А сейчас перед этим набальзамированным телом проходит другая процессия — бесконечная процессия мертвецов: они пришли, чтобы принять его в свое царство. И несть числа в этой процессии тем, кто умер за него или из‑за него. Мужчины и женщины, старики и дети проходят перед гробом, и причина их смерти сразу становится ясна. Дети со вздувшимися золотушными животами, подростки с ввалившимися глазами туберкулезников; тела, покалеченные пулеметной очередью, тела, на которых виднеются ужасные раны от карабинных пуль, на висках у многих еще сохранился кровавый след от последнего милосердного выстрела, других задушили гарротой — на их лицах еще сохранился страшный оскал. Одетые в темную крестьянскую одежду, в комбинезон рабочего или милисиано, в фалангистскую военную форму цвета хаки или голубую рубашку, его друзья и его враги, те, кого приказал убить он, и те, кто был убит за преданность ему, те, кто погиб в окопах, сражаясь бок о бок с ним или против него, — все они проходят сейчас молчаливым парадом перед его гробом.
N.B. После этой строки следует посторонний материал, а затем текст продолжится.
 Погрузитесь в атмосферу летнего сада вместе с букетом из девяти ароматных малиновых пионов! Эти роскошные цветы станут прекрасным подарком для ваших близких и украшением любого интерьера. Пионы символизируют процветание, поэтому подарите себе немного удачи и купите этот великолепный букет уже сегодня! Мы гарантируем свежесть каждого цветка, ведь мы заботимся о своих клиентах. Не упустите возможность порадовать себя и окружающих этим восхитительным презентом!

Бесконечной процессией они, как смутные тени, проходят перед его закрытыми навсегда глазами, и ему безразличны их одежда, их знамена, их раны. В этом фантастическом параде все смешивается: комбинезон милисиано и военная форма фалангистов, добитый последним выстрелом в висок тот, кто некогда был священником и погиб от рук анархистского патруля, и добитый таким же выстрелом профессор, расстрелянный группой юношей в голубых рубашках. Друзья и враги, те, кто его любил, и те, кто его ненавидел, те, кто умер за его дело, и те, чья смерть была делом его рук, смешавшись в одну толпу, молча проходят они перед гробом, не узнавая лежащего там, а он уже не в состоянии узнать их…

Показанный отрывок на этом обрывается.